With this background, the present study investigated the impact of As on the changes in protein and sugar metabolism vis-à-vis the disruption of oxidative metabolism during early 12–48 h of germination process in mung bean. We selected mung bean as a bioassay species since it is a non-accumulator [9], and is regarded as an important bioindicator species for As contamination [13]. We investigated the effect of As (5, 10, 50 μM) on protein and carbohydrate content, activities of protein- and starch-hydrolyzing enzymes (proteases, α-amylases, β-amylases, starch phosphorylases, and acid invertases), generation of reactive oxygen species (ROS) and enzymatic antioxidants in radicles of germinating mung bean seeds at 12, 24, and 48 h after As exposure. The selected As concentrations were environmentally relevant and comparable to those present under natural conditions [14]. The oxidative damage was assessed in terms of malondialdehyde and hydrogen peroxide content, hydroxyl and superoxide ion generation, electrolyte leakage, and cell viability, whereas ROS metabolism was determined in terms of the activities of antioxidant enzymes, i.e., superoxide dismutases (SOD), catalases (CAT), ascorbate peroxidases (APX), guaiacol peroxidases (GPX) and glutathione reductases (GR).
Material and Methods
Materials
Seeds of mung bean (P. aureus Roxb. = Vigna radiata (L.) Wilczek; cv. ML-5) were procured locally from a seed store. Before use, these were disinfected using sodium hypochlorite (0.1%, w/v) for 15 min and washed under running tap water followed by distilled water thrice. As was supplied in the form of sodium arsenate (MW = 312.01; purity = 98.5%; procured from Loba-Chemie, Mumbai, India). All other chemicals and reagents were of reagent grade and procured from the best available sources including Sigma-Aldrich (USA), Fluka (Switzerland), Acros (Belgium), Hi-Media (India), and Sisco Research Laboratory (India).

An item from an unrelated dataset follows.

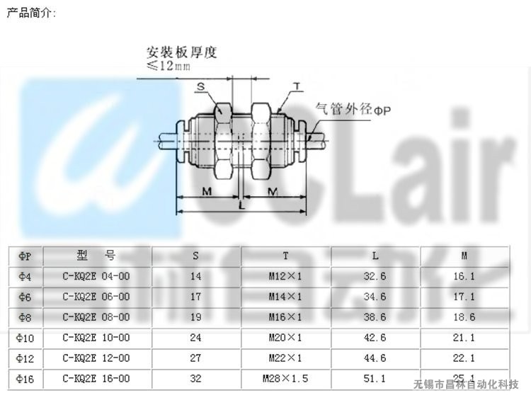C-KQ2E10-00,C-KQ2E12-00,C-KQ2E16-00, 隔板安装直通接管,生产厂家,价格

Treatments and Experimental Setup
Pre-imbibed (for 6 h at 25°C) seeds were equidistantly placed in Petri dishes (ø = 15 cm) lined with Whatman #1 filter circle moistened with 7 ml of 5.0, 10.0 or 50.0 μM of As or distilled water (as control). The selected concentrations were environmentally relevant and based upon an earlier study of Singh et al. [9]. For each treatment, ten independent Petri dish replicates with ten seeds for each treatment were maintained. The Petri dishes were kept in a completely randomized design (CRD) in a growth chamber under 16 h photoperiod of ~240 μmol m2 s1 PFD, at 25/18 (±2)°C, and 75 ± 2% relative humidity. After 12, 24, and 48 h, radicles emerging from germinating mung bean seeds were cut with fresh blade and used for further biochemical studies and oxidative damage assessment.
Total Protein and Carbohydrate Content
Root tissue (200 mg) was homogenized in pre-chilled pestle and mortar with 10 ml distilled water, centrifuged at 15,000 × g for 15 min, and the supernatant collected for the estimations. Protein content was measured spectrophotometrically at 700 nm using Folin–Ciocalteu reagent against a standard of bovine serum albumin [15]. Total carbohydrate content was estimated using anthrone reagent at 620 nm against a calibration standard of glucose [16].
Assay of Protein- and Starch-Hydrolyzing Enzyme
To extract proteases and α- and β-amylases, root tissue (200 mg) was homogenized in 10 ml of 0.1 M PO 3−4 buffer (pH 7). Acid invertases were extracted in 10 mM tris-maleate buffer (pH 7), whereas acid phosphatases were extracted in ice-cold 50 mM tris-maleate buffer (pH 7) containing 13 mM mercaptoethanol (at 4°C). The homogenates were centrifuged at 15,000 × g for 30 min at 4°C in a cold centrifuge (Sigma, USA). The supernatants were collected and stored at 4°C for further enzymatic assays. An aliquot (0.5 ml) of the supernatants was used for protein estimation [15].
Proteases were assayed using casein (1% in 0.1 M phosphate buffer, pH = 6) as a substrate and expressed as micrograms per hour per milligram protein. The activities of α- and β-amylases were assessed using starch as a substrate and expressed as micrograms per minute per milligram protein [16]. Activity of starch phosphorylases was measured at 660 nm and expressed as micromol Pi per second per milligram protein [17]. Acid invertases were assayed in terms of reducing sugars produced at 620 nm against a calibration standard of glucose [18] and expressed as microgram per minute per milligram protein.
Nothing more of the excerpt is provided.